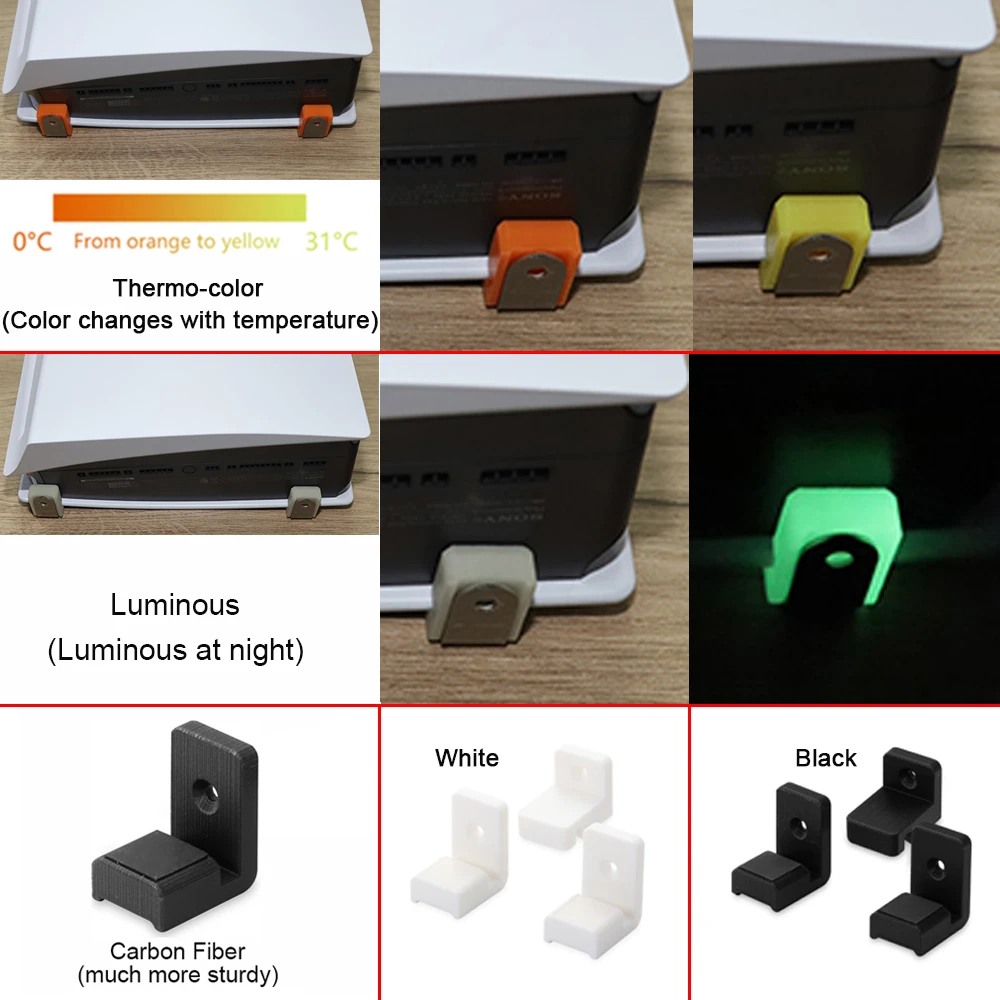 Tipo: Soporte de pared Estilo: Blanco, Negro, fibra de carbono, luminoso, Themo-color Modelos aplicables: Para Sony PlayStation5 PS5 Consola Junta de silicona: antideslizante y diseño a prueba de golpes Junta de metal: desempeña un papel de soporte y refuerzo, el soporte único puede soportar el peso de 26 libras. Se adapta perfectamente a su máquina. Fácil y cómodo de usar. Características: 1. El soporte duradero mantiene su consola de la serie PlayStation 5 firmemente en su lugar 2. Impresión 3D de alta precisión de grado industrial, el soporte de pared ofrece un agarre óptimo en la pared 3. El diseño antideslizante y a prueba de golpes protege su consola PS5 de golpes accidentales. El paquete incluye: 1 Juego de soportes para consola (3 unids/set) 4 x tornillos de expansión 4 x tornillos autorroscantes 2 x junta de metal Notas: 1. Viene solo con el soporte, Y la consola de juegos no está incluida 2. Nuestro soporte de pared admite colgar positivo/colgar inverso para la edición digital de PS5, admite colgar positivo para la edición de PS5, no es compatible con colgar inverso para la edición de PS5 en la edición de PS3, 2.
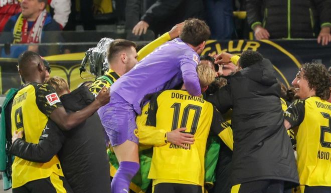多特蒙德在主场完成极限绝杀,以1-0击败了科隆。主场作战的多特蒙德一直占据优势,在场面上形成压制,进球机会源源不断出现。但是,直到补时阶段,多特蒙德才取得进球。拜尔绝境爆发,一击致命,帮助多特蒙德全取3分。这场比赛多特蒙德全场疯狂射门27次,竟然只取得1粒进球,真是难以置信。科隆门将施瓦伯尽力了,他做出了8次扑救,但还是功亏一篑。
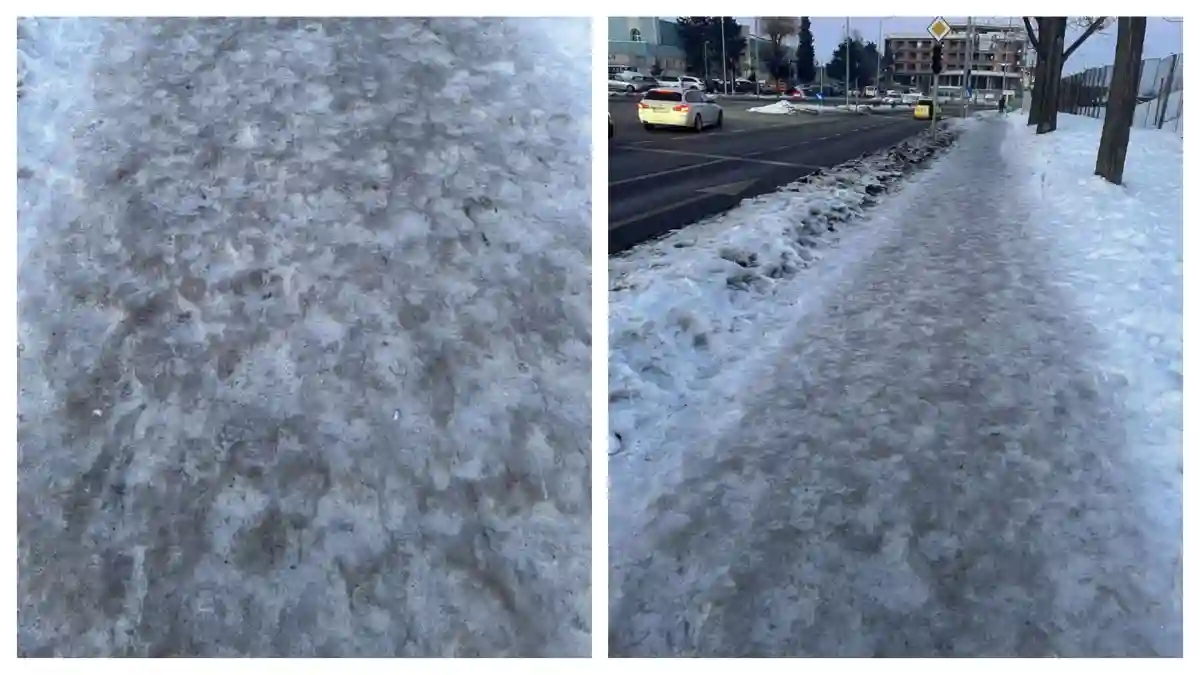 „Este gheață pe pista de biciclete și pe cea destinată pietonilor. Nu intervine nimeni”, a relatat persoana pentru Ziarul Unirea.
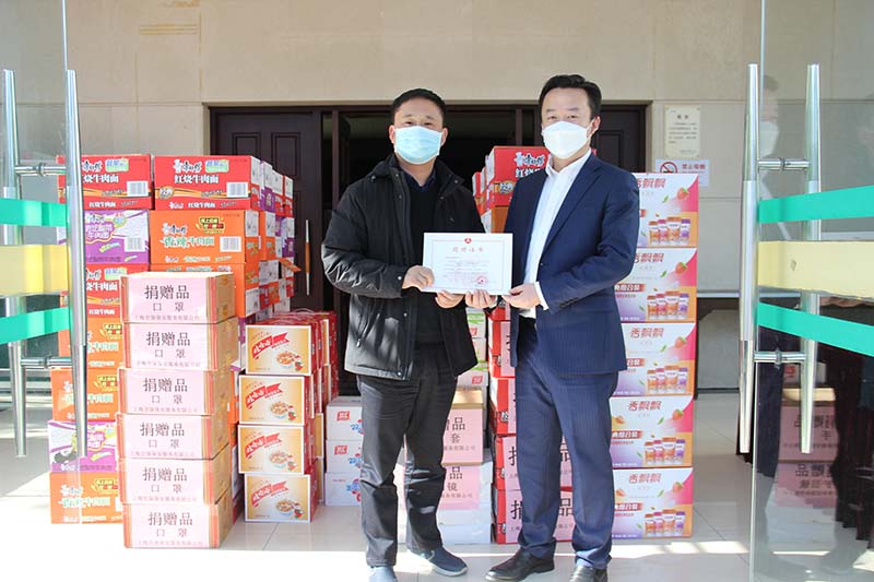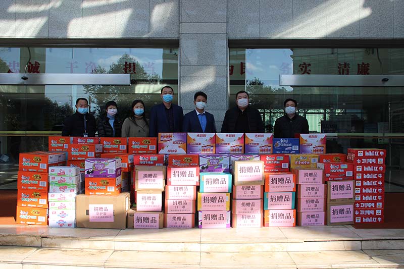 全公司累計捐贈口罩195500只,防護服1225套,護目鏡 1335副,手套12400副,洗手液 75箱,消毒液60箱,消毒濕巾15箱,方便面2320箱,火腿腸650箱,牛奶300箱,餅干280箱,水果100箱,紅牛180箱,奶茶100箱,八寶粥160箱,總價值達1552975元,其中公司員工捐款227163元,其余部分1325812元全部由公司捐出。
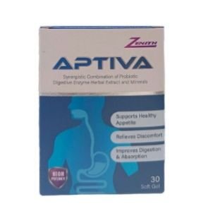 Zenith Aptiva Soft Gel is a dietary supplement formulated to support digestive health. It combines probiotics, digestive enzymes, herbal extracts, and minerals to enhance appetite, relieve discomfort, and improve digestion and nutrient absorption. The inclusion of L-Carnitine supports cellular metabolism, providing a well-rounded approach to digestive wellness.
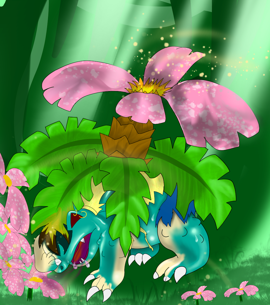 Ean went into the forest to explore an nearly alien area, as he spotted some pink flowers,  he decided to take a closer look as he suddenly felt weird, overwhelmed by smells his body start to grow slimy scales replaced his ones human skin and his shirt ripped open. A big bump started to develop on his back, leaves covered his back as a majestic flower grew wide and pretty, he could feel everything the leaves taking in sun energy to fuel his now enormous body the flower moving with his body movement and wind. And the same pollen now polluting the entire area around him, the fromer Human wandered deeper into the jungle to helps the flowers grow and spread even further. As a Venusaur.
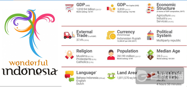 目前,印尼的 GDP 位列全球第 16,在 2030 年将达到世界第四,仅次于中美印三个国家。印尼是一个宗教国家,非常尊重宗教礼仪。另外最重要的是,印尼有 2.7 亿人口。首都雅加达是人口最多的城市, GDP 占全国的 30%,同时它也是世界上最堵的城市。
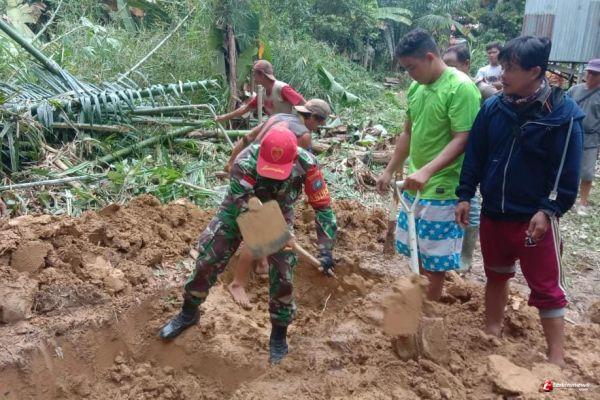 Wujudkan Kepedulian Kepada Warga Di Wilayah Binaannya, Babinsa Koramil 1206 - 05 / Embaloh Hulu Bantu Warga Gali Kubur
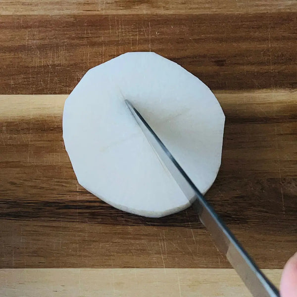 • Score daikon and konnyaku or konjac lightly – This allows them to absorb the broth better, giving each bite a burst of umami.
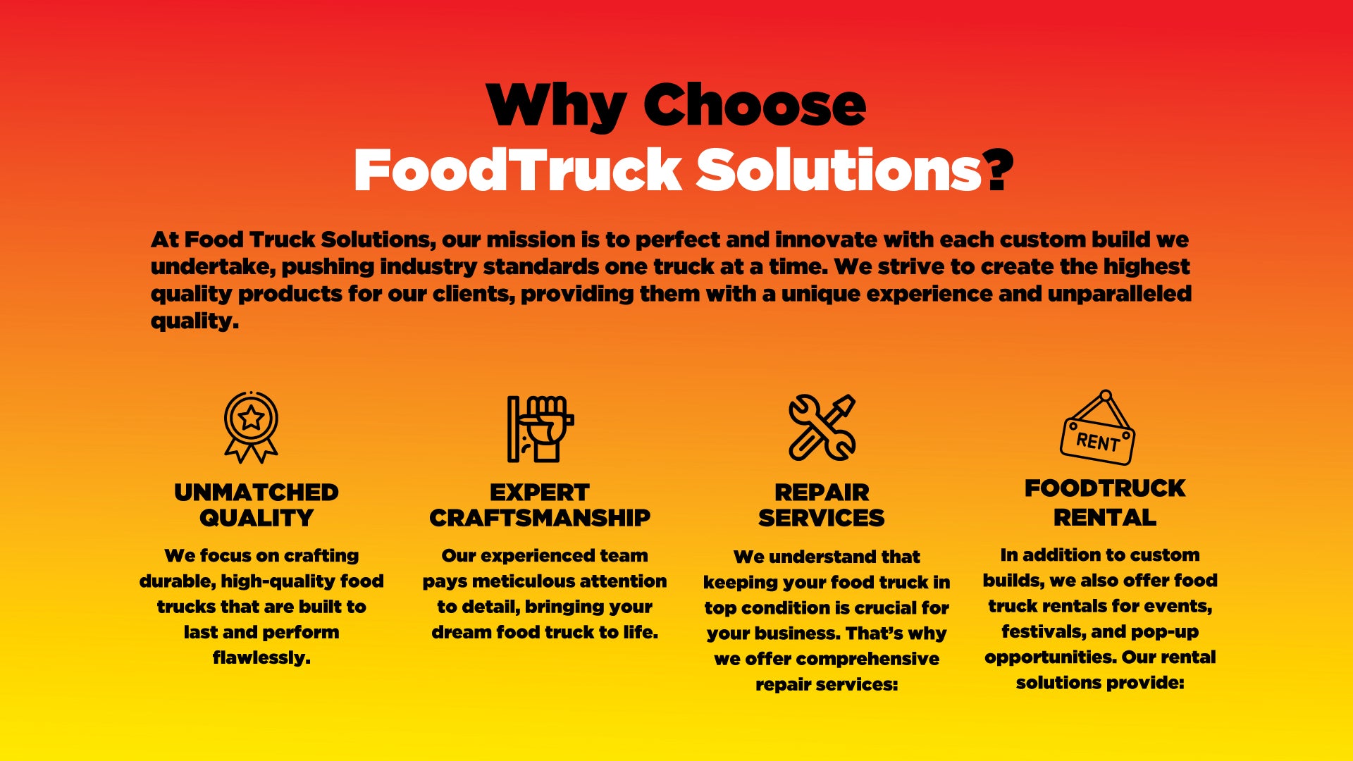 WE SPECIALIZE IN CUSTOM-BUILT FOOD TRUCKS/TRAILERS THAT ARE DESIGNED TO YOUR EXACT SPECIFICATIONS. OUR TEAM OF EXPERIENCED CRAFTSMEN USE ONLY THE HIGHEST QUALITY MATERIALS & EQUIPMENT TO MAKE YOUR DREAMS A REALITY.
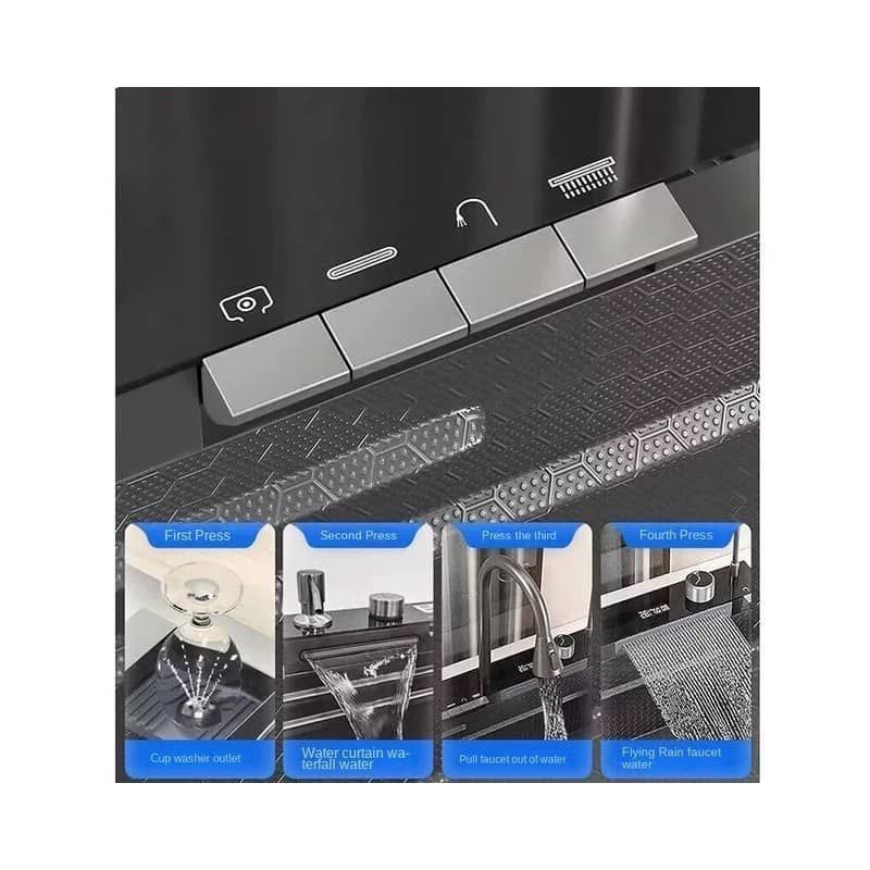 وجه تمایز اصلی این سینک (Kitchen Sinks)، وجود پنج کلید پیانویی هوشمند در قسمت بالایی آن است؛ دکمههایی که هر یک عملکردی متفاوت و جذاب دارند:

________________________

Only exact copies are wanted here. Write out the lines from the one containing "WE SPECIALIZE IN" through the end of the material and no others, omitting all pictures.

## EXPECTED ANSWER
 WE SPECIALIZE IN CUSTOM-BUILT FOOD TRUCKS/TRAILERS THAT ARE DESIGNED TO YOUR EXACT SPECIFICATIONS. OUR TEAM OF EXPERIENCED CRAFTSMEN USE ONLY THE HIGHEST QUALITY MATERIALS & EQUIPMENT TO MAKE YOUR DREAMS A REALITY.
 وجه تمایز اصلی این سینک (Kitchen Sinks)، وجود پنج کلید پیانویی هوشمند در قسمت بالایی آن است؛ دکمههایی که هر یک عملکردی متفاوت و جذاب دارند:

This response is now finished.